Photo: Flickr user lifeontheedge

Thursday, April 03, 2008

Wikipedia Weekly roundup

Update: Erik Moller responds in the comments -- they're in the process of getting a donated statistics server.

Like I said, the podcast is on a roll.

Episode 43.

Skip the belated discussion on Jimmy's shenanigans -- it's mostly there because they feel obligated to cover it. Start at the 20-minute mark, instead, and don't miss the wii metaphor at 42:11.

(I also got namedropped; hurrah.)

Episode 44.

Stable versions are finally implemented in software! (They're late, they were promised to us in 2006.)
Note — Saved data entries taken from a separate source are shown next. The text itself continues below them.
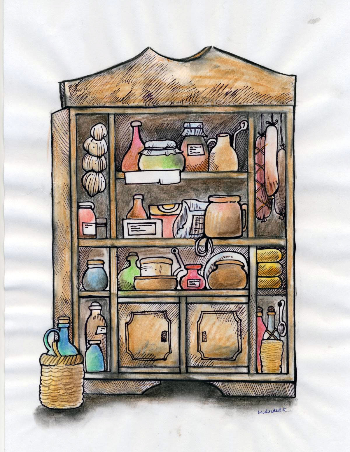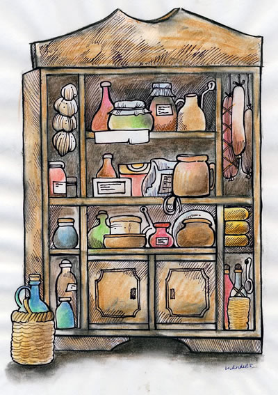 In d' Spieskoamer stunn'n Potten mit söten Room mit Schmoalt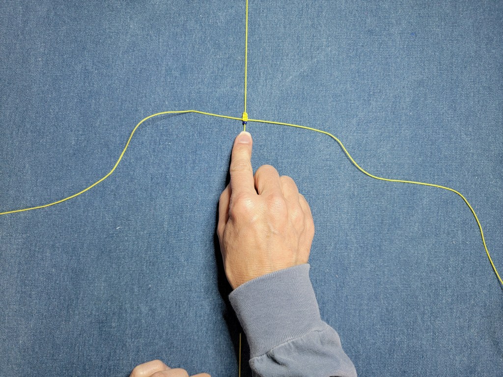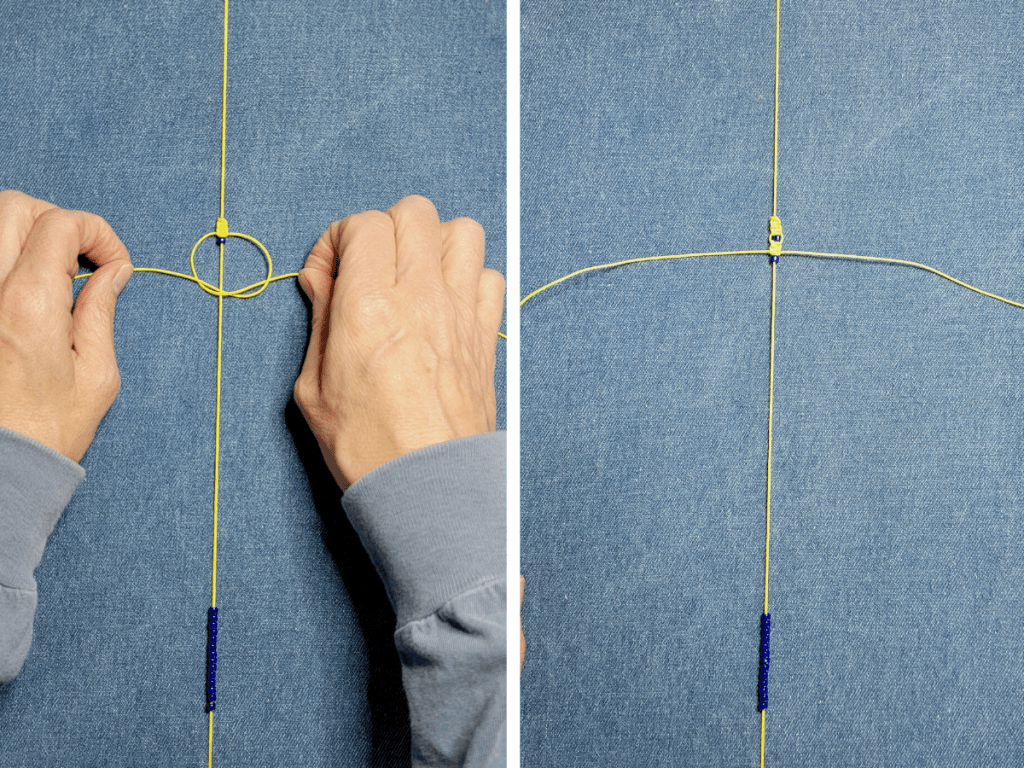 e. Find the center of the 36″ piece of cord, and use a simple overhand knot to attach it the base cord, about 7″ from the top end of the base cord.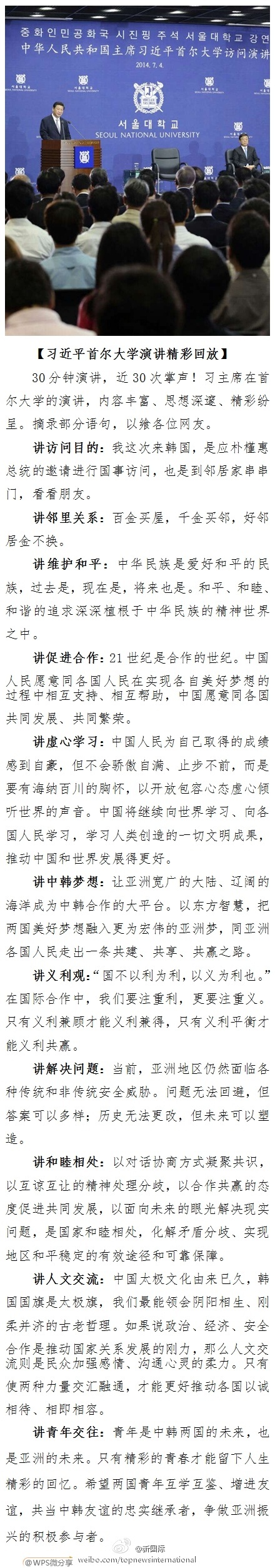 ???? 新華網(wǎng)北京7月4日電 據(jù)新華社“新國際”微博報道,30分鐘演講,近30次掌聲!習(xí)主席在首爾大學(xué)的演講,內(nèi)容豐富、思想深邃、精彩紛呈。摘錄部分語句,以饗各位網(wǎng)友。

What are stable versions? Well. Unlike a traditional piece of writing, a Wikipedia article is never finished. Over time mistakes get removed, but they also get inserted; writing sometimes gets better, but it doesn't always stay better.
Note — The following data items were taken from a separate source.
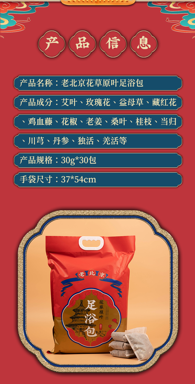老北京足浴包 摘取花草原叶 无纺布袋 独立小包装 20味草药 30g*30包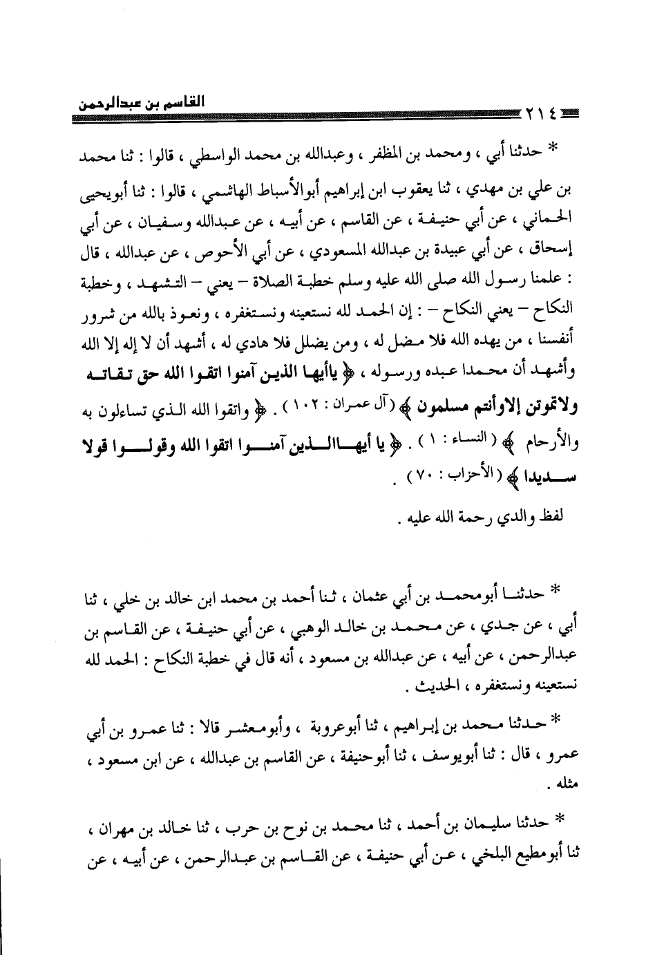 حَدَّثَنَا أَبِي وَمُحَمَّدُ بْنُ الْمُظَفَّرِ، وَعَبْدُ اللَّهِ بْنُ مُحَمَّدٍ الْوَاسِطِيُّ، قَالُوا: ثَنَا مُحَمَّدُ بْنُ عَلِيِّ بْنِ مَهْدِيٍّ، ثَنَا يَعْقُوبُ بْنُ إِبْرَاهِيمَ أَبُو الْأَسْبَاطِ الْهَاشِمِيُّ، قَالُوا: ثَنَا أَبُو يَحْيَى الْحِمَّانِيُّ، عَنْ أَبِي حَنِيفَةَ، عَنِ الْقَاسِمِ، عَنْ أَبِيهِ، عَنْ عَبْدِ اللَّهِ، وَسُفْيَانَ، عَنْ أَبِي إِسْحَاقَ، عَنْ أَبِي عُبَيْدَةَ بْنِ عَبْدِ اللَّهِ الْمَسْعُودِيِّ، عَنْ أَبِي الْأَحْوَصِ، عَنْ عَبْدِ اللَّهِ، قَالَ: «§عَلَّمَنَا رَسُولُ اللَّهِ صَلَّى اللهُ عَلَيْهِ وَسَلَّمَ خُطْبَةَ الصَّلَاةِ، يَعْنِي التَّشَهُّدَ، وَخُطْبَةَ النِّكَاحِ، يَعْنِي النِّكَاحَ: إِنَّ الْحَمْدَ لِلَّهِ نَسْتَعِينُهُ وَنَسْتَغْفِرُهُ، وَنَعُوذُ بِاللَّهِ مِنْ شُرُورِ أَنْفُسِنَا، مَنْ يَهْدِهِ اللَّهُ فَلَا مُضِلَّ لَهُ، وَمَنْ يُضْلِلْ فَلَا هَادِيَ لَهُ، أَشْهَدُ أَنْ لَا إِلَهَ إِلَّا اللَّهُ، وَأَشْهَدُ أَنَّ مُحَمَّدًا عَبْدُهُ وَرَسُولُهُ، {يَا أَيُّهَا الَّذِينَ آمَنُوا اتَّقُوا اللَّهَ حَقَّ تُقَاتِهِ وَلَا تَمُوتُنَّ إِلَّا وَأَنْتُمْ مُسْلِمُونَ} [آل عمرَان: 102] ، {وَاتَّقُوا اللَّهَ الَّذِي تَسَاءَلُونَ بِهِ وَالْأَرْحَامَ} [النِّسَاء: 1] ، {يَا أَيُّهَا الَّذِينَ آمَنُوا اتَّقُوا اللَّهَ وَقُولُوا قَوْلًا سَدِيدًا} [الْأَحْزَاب: 70] » لَفْظُ وَالِدِي رَحْمَةُ اللَّهِ عَلَيْهِ حَدَّثَنَا أَبُو مُحَمَّدِ بْنُ أَبِي عُثْمَانَ، ثَنَا أَحْمَدُ بْنُ مُحَمَّدِ بْنِ خَالِدِ بْنِ خَلِيٍّ، ثَنَا أَبِي عَنْ جَدِّي، عَنْ مُحَمَّدِ بْنِ خَالِدٍ الْوَهْبِيِّ، عَنْ أَبِي حَنِيفَةَ، عَنِ الْقَاسِمِ بْنِ عَبْدِ الرَّحْمَنِ، عَنْ أَبِيهِ، عَنْ عَبْدِ اللَّهِ بْنِ مَسْعُودٍ، أَنَّهُ قَالَ فِي خُطْبَةِ النِّكَاحِ: الْحَمْدُ لِلَّهِ نَسْتَعِينُهُ وَنَسْتَغْفِرُهُ، الْحَدِيثَ حَدَّثَنَا مُحَمَّدُ بْنُ إِبْرَاهِيمَ، ثَنَا أَبُو عَرُوبَةَ، وَأَبُو مَعْشَرٍ قَالَا: ثَنَا عَمْرُو بْنُ أَبِي عَمْرٍو قَالَ: ثَنَا أَبُو يُوسُفَ، ثَنَا أَبُو حَنِيفَةَ، عَنِ الْقَاسِمِ بْنِ عَبْدِ اللَّهِ، عَنِ ابْنِ مَسْعُودٍ، مِثْلَهُ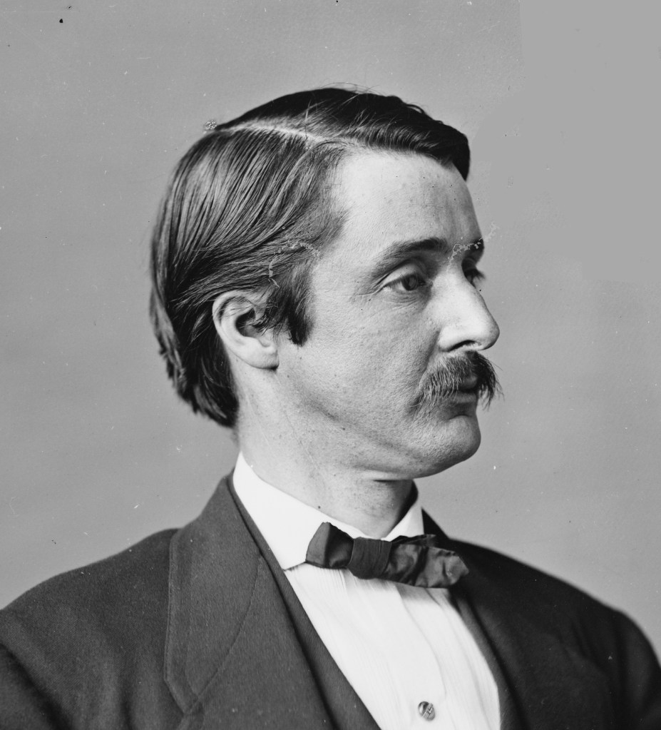 Even though her father was gone, Kate kept hosting her weekly salons, continuing to impress her guests with an adroit command of political strategy and tactics. Now the dinner parties were held at Edgewood, rather than the 6th St. house, and political luminaries continued to drop by. One of Kate’s favorites was New York Senator Roscoe Conkling, one of the most powerful Republicans in the Senate (left). Considered one of the handsomest men in politics, to Kate Chase Sprague he was everything her husband was not; well-read, a brilliant speaker, and physically fit, a man who neither drank nor smoked. He was also married. That Kate and Conkling began having an affair was common knowledge on Capitol Hill and soon in the gossip columns as well. That William Sprague had a long-time mistress, Mary Viall, was also common knowledge, but the newspapers were far more interested in Kate. Gossip reporters like Miss Grundy and Donn Piatt made her a true national celebrity, though not in the way she would have preferred.

Stable versions are particular revisions of an article that are marked as superior. You'll be able to read a stable version and trust that the very text you're reading has been vetted, that someone didn't add "leona is gay!" five seconds before you opened the page.
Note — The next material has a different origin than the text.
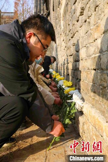 民眾在彈孔墻前,為先烈敬獻(xiàn)鮮花。 侯甜 攝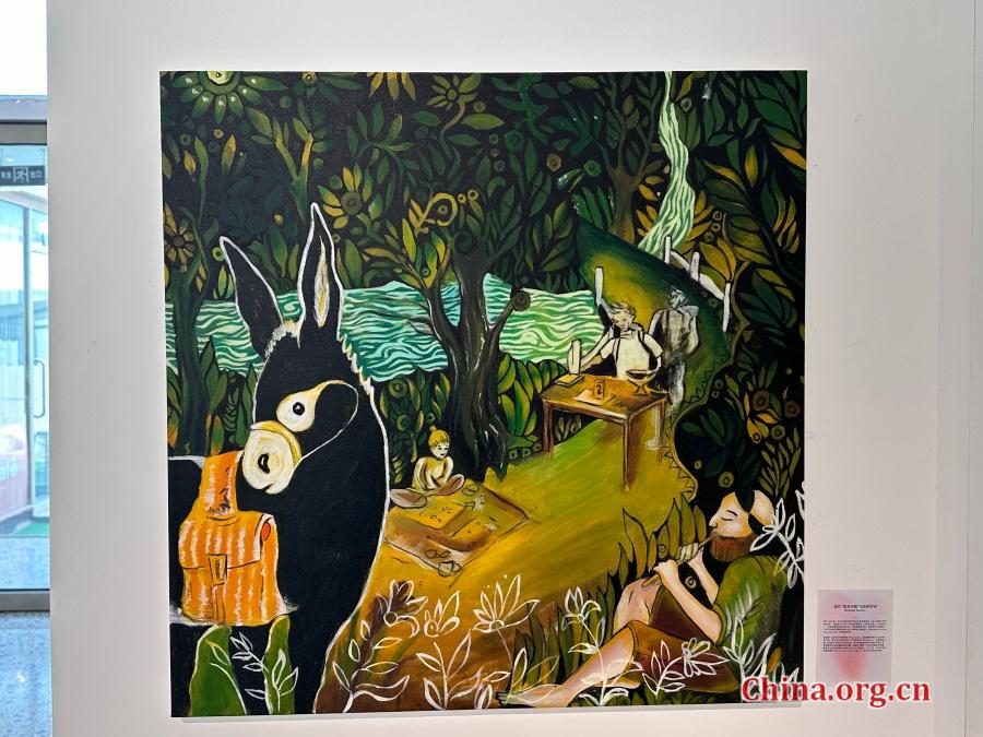 Roland Banka's self-portrait "Modern Don Quixote with His Donkey" is displayed at the "Camino de Santiago: The Road of France" exhibition at the High Mountain Art Center in Beijing, Aug. 4, 2025. A language and philosophy teacher turned pilgrim, Banka's journeys fuse absurdity with devotion, highlighting the Camino's existential dimension. [Photo by Liu Ziying/China.org.cn]

Plus, stylistic edits will stick! Right now, you can go through a whole article and shoehorn it into a tight, structured, beautifully clear piece of writing. I used to spend hours doing that. But after a couple months of heavy editing -- people appending facts willy-nilly -- the article always descends back into the murk. It gets more accurate, but waaaaaay less readable. Theoretically, stable versions will fix this problem by inserting periodic finish lines.

Anyway, stable versions are coded into software, but there are a lot of kinks to be worked out before they're actually rolled out. (Social kinks, not technical ones.) In social software, interface decisions are political decisions, so we've got to tread carefully.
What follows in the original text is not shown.